Man sentenced to five years in fraud case
Austin resident Rockland “Rock” McMahan was sentenced to five years in prison last week for conspiracy to make false statements to a production credit association in a scheme that defrauded more than 3,000 Texas farmers, ranchers and small business owners.
Around 2005, prosecutors said McMahan began fixing his books and lying on his balance sheets to hide losses and keep McMahan Order Buying afloat.
After the economy tanked in 2008, taking the cattle industry down with it, he defaulted on a $5.5 million loan.
McMahan had his accountant, Stephen Edwin Harper, fix his company’s books to extend an initial $2.5 million loan from Lone Star Production Credit, an association that operated as a cooperative and had been profitable since it was established in 1971.

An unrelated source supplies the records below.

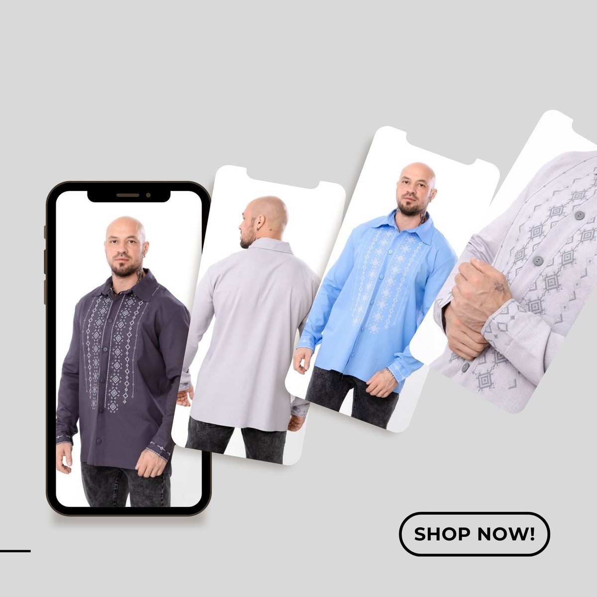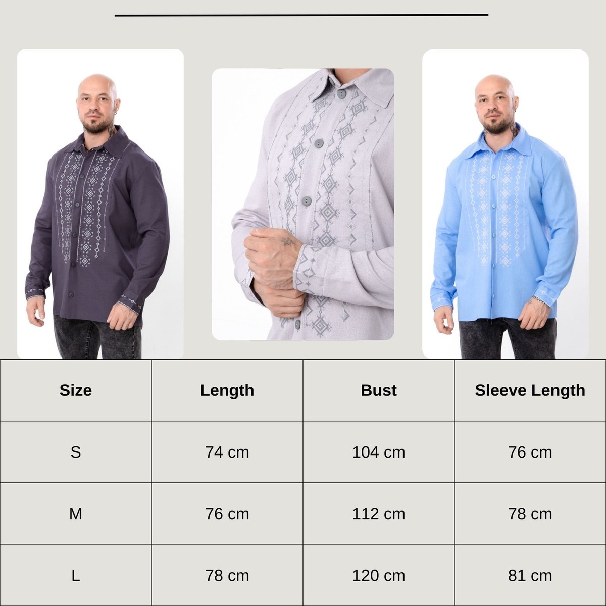 Men?s long-sleeve shirt made from a linen-viscose blend with an ornament ? a stylish and practical choice for everyday wear. Natural linen provides coolness and freshness in warm weather, while viscose makes the fabric soft, flexible, and resistant to wrinkling. The ornament adds individuality, making the shirt a standout piece. The straight cut and long sleeves ensure versatility and comfort, while the option to roll up sleeves creates a relaxed style. Perfect for work, walks, or meetings, combining elegance and practicality in everyday outfits.
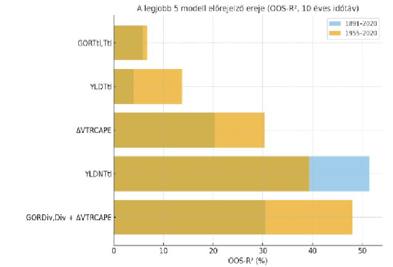 Az ábrán látható OOS-R² értékek azt mutatják meg, hogy az egyes modellek mennyivel pontosabban jelezték előre a jövőbeli részvénypiaci hozamokat, mint egy egyszerű, múltbeli átlaghozamra épülő becslés. Ez az úgynevezett out-of-sample (mintán kívüli) tesztelés azt méri, mennyivel csökken a modell előrejelzési hibája az alapforgatókönyvhöz képest. A legjobb modellek esetében az értékek 30–50% közé esnek, ami azt jelenti, hogy ezek a módszerek a jövőbeli hozamok becslési hibáját közel a felére csökkentették. Fontos azonban látni, hogy ez nem a teljes variancia megmagyarázását jelenti, hanem az előrejelzési hiba csökkenését – vagyis a modellek nem látnak a jövőbe, de statisztikailag kimutathatóan jobb becslést adnak, mint a múltbeli átlag.
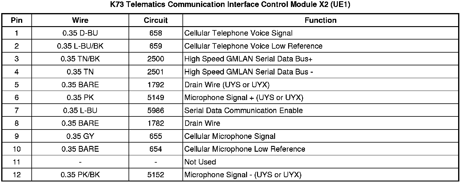 K73 Telematics Communication Interface Control Module X2 (UE1)
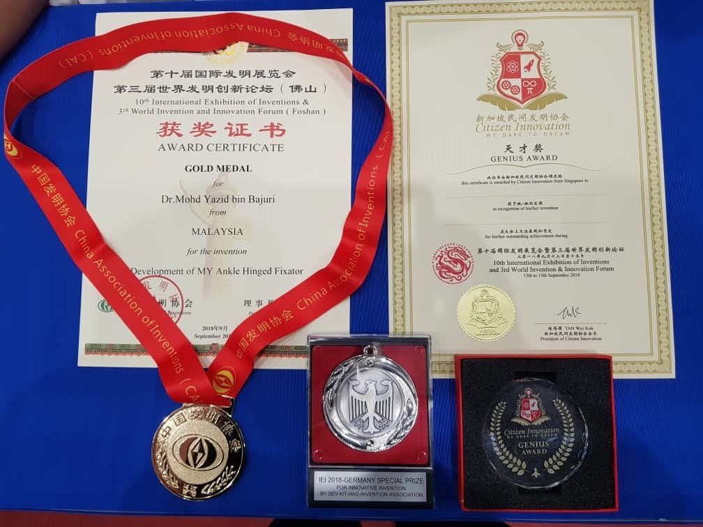 Tahniah diucapkan kepada Prof. Madya Dr. Mohd. Yazid Bajuri yang terus cemerlang dengan memenangi PINGAT EMAS di ’30th International Invention, Innovation & Technology Exhibition Malaysia 2019 yang telah berlangsung di Kuala Lumpur Convention Center, Malaysia pada 2-4 Mei 2019 Gold Awards in ITEX 2019 – 30th International Invention, Innovation & Technology Exhibition Malaysia. [Invention – Future Ankle Hinged Fixator]
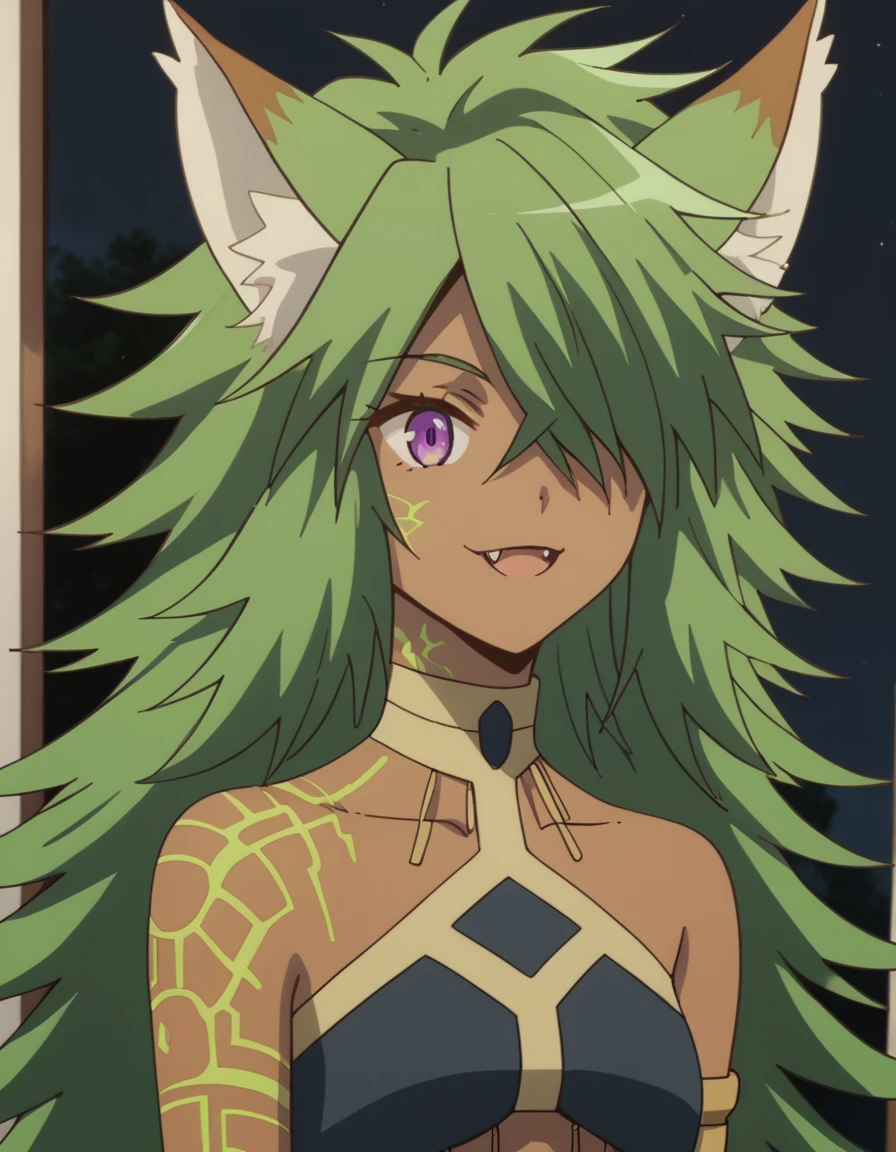 LeilaMofur, very long hair, purple eyes, green hair, fang, midriff, hair over one eye, animal ear fluff, dark-skinned female, tattoo, wolf ears,

McMahan also recorded fake cattle sales and accepted fraudulent funds from Eastern Livestock, a cattle brokering company based in New Albany, Ind.
When the economy collapsed, McMahan defaulted on his loan in March 2010 and fraud by both companies was exposed.
The Eastern Livestock scandal affected more than 700 ranchers across the country, who received a total of more than $130 million in bad checks from the company. McMahan’s scheme, prosecutors and Lone Star officials said, threatened the jobs and livelihoods of farmers and ranchers who borrowed from the credit union.
Harper was sentenced to two years in prison.
McMahan said Thursday he accepted responsibility for the actions that cost him his business and $5.3 million in restitution he will likely be paying for the rest of his life.
“I want you to know that I am beyond sorry for what I did,” he told Sparks. “What I did was selfish, irresponsible and just plain dumb.”